If you are using a custom Index Profile that is updated by something other than Orchard Core content events (e.g. external data ingested directly into Elasticsearch/Azure AI Search, or a custom indexing pipeline), you must ensure that the AI KB index is updated when the source index changes.

Options

  1. Trigger a manual sync from the Data Sources UI (Sync action), or run a scheduled background sync.
  2. Implement a custom event handler in your module (recommended for near real-time): detect source changes (whatever "source of truth" events you have), then call DataSourceIndexingService to upsert/remove the affected documents.

Incremental sync API

Use these methods to keep the AI KB index aligned:

  • DataSourceIndexingService.IndexDocumentsAsync(IEnumerable<string> documentIds)
  • DataSourceIndexingService.RemoveDocumentsAsync(IEnumerable<string> documentIds)

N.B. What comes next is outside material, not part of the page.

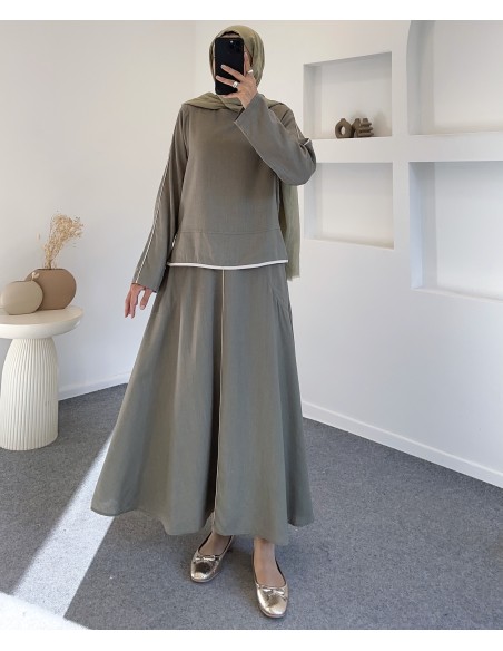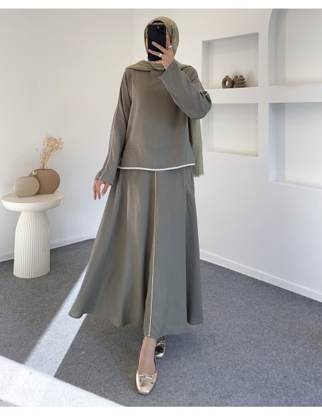 2687 çizgi detay etek takım-haki
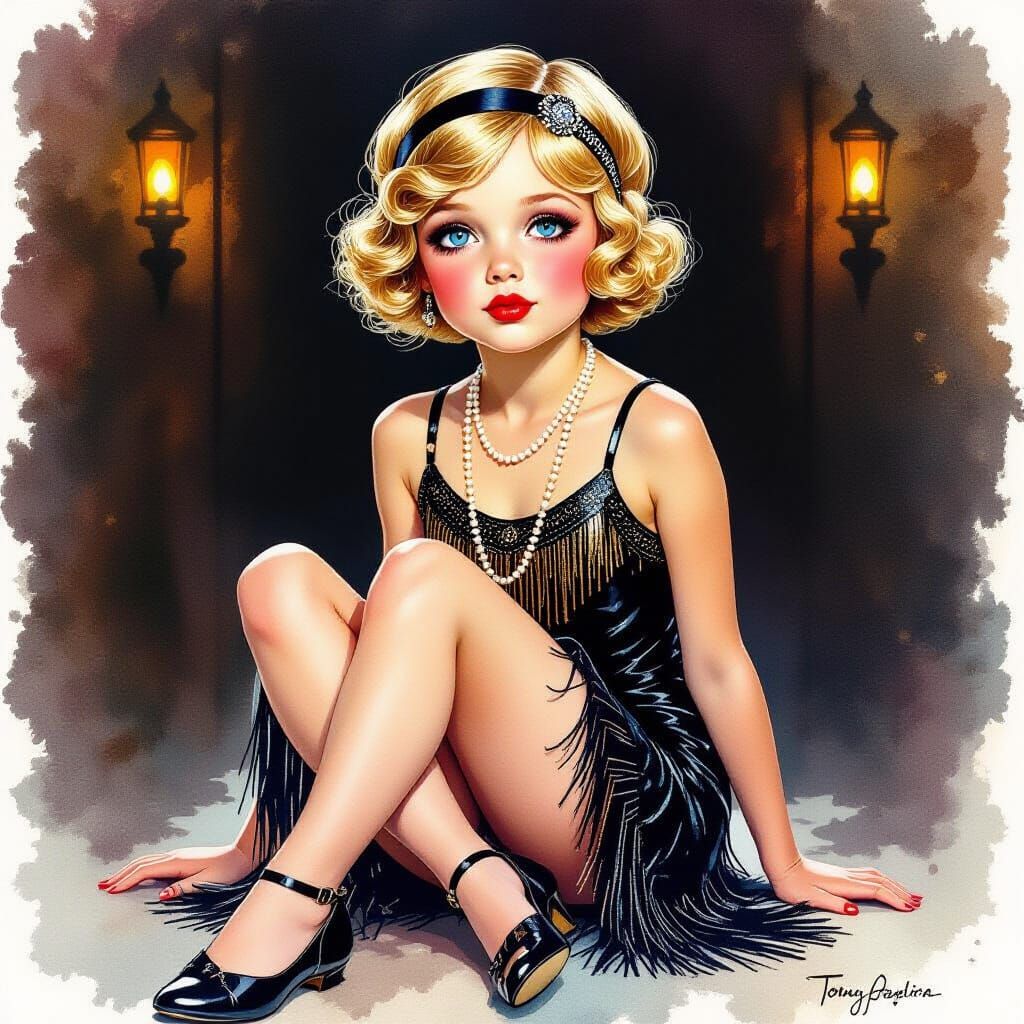 A vivid watercolor of a flapper girl in a black dress, sitting with legs crossed. The image features warm, golden lighting and intricate, hand-painted details in a digital art style.

The IDs passed must match your data source's configured Key Field (e.g. _id, ContentItemId, etc.).

Migrating from v1 to v2

Version 2 introduces Knowledge Base (KB) indexing with vector embeddings. During the migration, an "AI Knowledge Base Warehouse" index is automatically created for existing data sources. However, you must configure an embedding connection for the index to populate correctly.

What changes

  • Each data source now requires a Knowledge Base Index that stores chunked document embeddings for vector search.
  • The migration creates the KB index automatically, but it needs an embedding deployment (e.g. text-embedding-ada-002, text-embedding-3-small) to generate embeddings.

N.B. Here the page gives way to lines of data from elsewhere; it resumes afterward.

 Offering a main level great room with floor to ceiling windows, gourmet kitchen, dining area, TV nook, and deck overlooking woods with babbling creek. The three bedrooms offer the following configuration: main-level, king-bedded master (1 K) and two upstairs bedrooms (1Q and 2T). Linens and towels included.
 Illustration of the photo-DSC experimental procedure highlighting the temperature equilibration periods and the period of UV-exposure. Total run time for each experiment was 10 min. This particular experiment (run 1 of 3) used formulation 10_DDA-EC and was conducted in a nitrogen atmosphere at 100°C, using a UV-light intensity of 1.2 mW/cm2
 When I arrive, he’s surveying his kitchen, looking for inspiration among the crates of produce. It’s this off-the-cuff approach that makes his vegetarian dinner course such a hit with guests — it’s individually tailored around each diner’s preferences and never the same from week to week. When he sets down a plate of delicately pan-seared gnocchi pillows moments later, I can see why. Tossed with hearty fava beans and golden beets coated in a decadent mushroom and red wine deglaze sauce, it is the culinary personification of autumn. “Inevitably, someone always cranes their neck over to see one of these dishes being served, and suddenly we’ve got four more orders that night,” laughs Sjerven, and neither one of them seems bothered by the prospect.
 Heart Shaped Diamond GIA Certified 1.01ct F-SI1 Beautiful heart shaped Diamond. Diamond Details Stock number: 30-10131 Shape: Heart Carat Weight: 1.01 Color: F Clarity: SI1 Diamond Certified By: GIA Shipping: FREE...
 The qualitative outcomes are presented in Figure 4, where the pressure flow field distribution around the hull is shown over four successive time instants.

Required: Configure an embedding connection

If you have not already configured an AI provider connection with an embedding deployment, the KB index will be created without embedding support. This means the AI Knowledge Base index will have no data to feed the AI models when a data source is selected.

To fix this:

  1. Configure an AI provider connection with an embedding deployment:

    • Navigate to Artificial Intelligence > Connections in the admin dashboard.
    • Edit or create a connection (e.g. Azure OpenAI, OpenAI).
    • Set the Embedding Deployment Name field to your embedding model deployment (e.g. text-embedding-ada-002 or text-embedding-3-small).
    • Save the connection.
  2. Update the AI Knowledge Base Warehouse index:

    • Navigate to Search > Indexing in the admin dashboard.
    • Find the AI Knowledge Base Warehouse index.
    • Edit it and select the embedding connection you configured in step 1.
    • Save the index.
  3. Trigger a sync:

    • Go to Artificial Intelligence > Data Sources.
    • Click Sync on each data source to re-index documents with embeddings.

Note: Without an embedding connection, data sources will appear configured but the KB index will remain empty. AI profiles using these data sources will not have any context documents to enhance their responses.